Friday, February 25, 2011

DIA market update

 It's not often we get a 1 day correction, but sometimes when momentum is very strong and a trend has initially reversed, we will see such corrections. Dealing with the entry is a swing entry set up as I described earlier, you look for the candle that has made both the highest high and highest low and that is your signal candle, that would also, at this point be today's candle. The entry would be on a price move below the white line with a stop just above the red line. Note that the market did exactly what we expected with the bearish ascending wedge and broke out to the upside. Technical analysis books for a century have taught traders that the ascending wedge should break down without any upside movement like we saw. They also taught if there was an upside breakout it was a failed pattern and you go long the pattern.

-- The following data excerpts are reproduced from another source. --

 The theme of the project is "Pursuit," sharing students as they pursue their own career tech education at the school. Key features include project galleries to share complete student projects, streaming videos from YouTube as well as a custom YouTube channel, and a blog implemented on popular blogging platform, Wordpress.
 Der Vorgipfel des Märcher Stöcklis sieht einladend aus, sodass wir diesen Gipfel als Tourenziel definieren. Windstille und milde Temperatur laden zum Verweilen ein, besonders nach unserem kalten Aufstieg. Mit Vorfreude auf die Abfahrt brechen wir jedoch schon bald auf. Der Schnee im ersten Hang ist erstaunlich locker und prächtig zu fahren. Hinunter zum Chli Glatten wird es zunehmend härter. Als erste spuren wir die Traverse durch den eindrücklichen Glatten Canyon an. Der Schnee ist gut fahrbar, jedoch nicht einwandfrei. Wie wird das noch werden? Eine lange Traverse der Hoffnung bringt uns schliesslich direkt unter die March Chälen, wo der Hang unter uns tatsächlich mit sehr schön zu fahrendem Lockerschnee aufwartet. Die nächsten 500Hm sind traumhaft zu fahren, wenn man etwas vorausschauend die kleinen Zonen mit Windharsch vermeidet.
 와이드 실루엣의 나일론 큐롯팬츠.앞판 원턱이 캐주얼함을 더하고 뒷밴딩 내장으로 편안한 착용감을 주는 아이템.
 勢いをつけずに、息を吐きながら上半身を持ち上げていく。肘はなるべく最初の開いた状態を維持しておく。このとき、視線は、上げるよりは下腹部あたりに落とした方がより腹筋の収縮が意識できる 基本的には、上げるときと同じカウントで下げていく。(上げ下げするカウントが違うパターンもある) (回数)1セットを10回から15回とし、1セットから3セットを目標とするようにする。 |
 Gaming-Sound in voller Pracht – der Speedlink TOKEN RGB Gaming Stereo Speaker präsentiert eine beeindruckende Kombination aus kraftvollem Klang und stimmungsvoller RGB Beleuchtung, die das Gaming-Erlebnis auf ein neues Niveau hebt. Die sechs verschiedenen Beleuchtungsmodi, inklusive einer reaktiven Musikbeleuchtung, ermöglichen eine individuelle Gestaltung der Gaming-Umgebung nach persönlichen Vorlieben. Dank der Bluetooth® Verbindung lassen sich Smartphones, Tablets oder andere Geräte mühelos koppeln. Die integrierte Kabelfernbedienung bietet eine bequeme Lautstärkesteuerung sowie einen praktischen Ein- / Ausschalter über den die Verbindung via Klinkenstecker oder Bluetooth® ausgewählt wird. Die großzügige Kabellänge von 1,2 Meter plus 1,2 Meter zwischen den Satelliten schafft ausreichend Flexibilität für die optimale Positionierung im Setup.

Wall Street knows that this is how technicians think as they have failed to adapt, Wall Street has adapted and by causing that upside false breakout they trapped longs in a bull trap, when prices fell, margin calls rolled in and the longs now at a loss closed their positions which creates more supply and pushes prices down lower. I'd say this now happens 85% of the time and technicians still fail to adapt. So we expected to see as much and did. However, the larger wedge pattern is still relevant.


 DIA 1 min chart has not confirmed price at all today which leads me to believe that it is being distributed to retail while institutions may be going short on the other side of the trade.

 Now we have a significant 5 min negative divergence. This doesn't mean the bounce is over, but it does mean it is highly likely that distribution has begun in full swing by institutional money.

And now we even see it on the 10 min chart which is significant. Be careful on any long market average ETF positions as they seems to be in a distribution mode. I'd guess the chances of seeing a resumption of the downtrend are at least 50/50 which says a lot in this market. Furthermore should that downside resume, we will likely break the S&P and other support trendlines which will cause more technical selling and margin calls/forced margin sell outs.

Be cautious.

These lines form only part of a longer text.